FIG. 1 illustrates a portion of a bathroom having two toilets and two urinals. Partitions and doors are provided to define two stalls 1 and 2. Partitions 3 extend from the wall on either side of the second stall. The first stall 1 is defined by a wall of the building and the partition 3 which is parallel to that wall. Posts 4, 5 and 6 are provided to carry the doors 7 and 8 for the stalls 1 and 2. The partitions and the doors are all made from panels 10 of similar construction made in accordance with the methods disclosed herein. Channels 12 are used to attach the panels 10 to the wall and posts.
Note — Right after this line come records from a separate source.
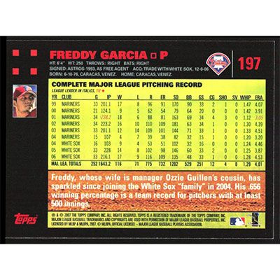 This is a 2007 Topps Red Backs Freddy Garcia baseball card. The card is #197 and pictures show condition.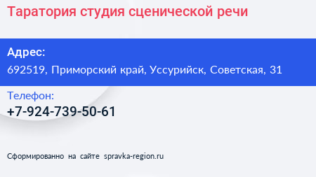 Таратория, студия сценической речи по адресу 692519, Приморский край, Уссурийск, Советская, 31 в дальнейшем Организация, размещена в следующих категориях: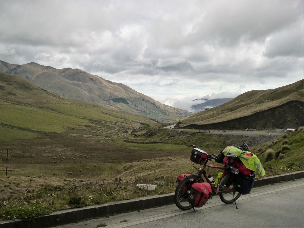 Immer wieder ziehen Wolken vorbei, liegen wie ein See unter mir oder ich fahre in Nebelschwaden hinein, die genauso schnell wieder verschwinden wie sie gekommen sind. Eine hohe Wolkendecke sorgt dabei für eine Dauerbeschattung und als ich die Westkordiliere der Anden auf 3900 m endlich überwunden habe, setzt kalter Regen ein, der mich von Riobamba bis nach Quito nun immer wieder begleitet. Eigentlich war ich hier hoch, zurück in die Anden gefahren, um die markanten und bekannten Vulkane Chimborazo (6268 m) und Cotopaxi (5897 m) entlang der Strecke zu bestaunen. Leider hängt die ganze Umgebung ständig in Wolken, aus denen sich mehrfach pro Tag heftiger, kalter Regen ergießt und nur am Abend habe ich das Glück für ein paar Minuten einen halbwegs klaren Blick auf die Berge zu erhaschen, bevor sie wieder in den Wolken verschwinden. Das Andenhochland Ecuadors soll schön sein, hat man mir gesagt. Ich will es ihnen glauben. Wellig bis bergig ist es auf jeden Fall und man fährt viel Auf und Ab.

A similar panel is also used for the partition 9 between the urinals. In the bathroom shown in FIG. 1 the panels are surrounded by trim 11. The trim may be a U-shaped channel that fits over the edge of the panel and can be made from plastic or metal. During installation of the partitions the installer may attach a channel to the wall for each partition using fasteners that pass through the base of the channel. Another channel can be attached to the post 5, 6 in a similar fashion. Then a third or bottom channel may be connected between these two channels. Next the panel 10 is slid into place covering the fasteners. Then a top channel may be placed on the panel. Should panel 10 become damaged the panel can easily be removed and replaced.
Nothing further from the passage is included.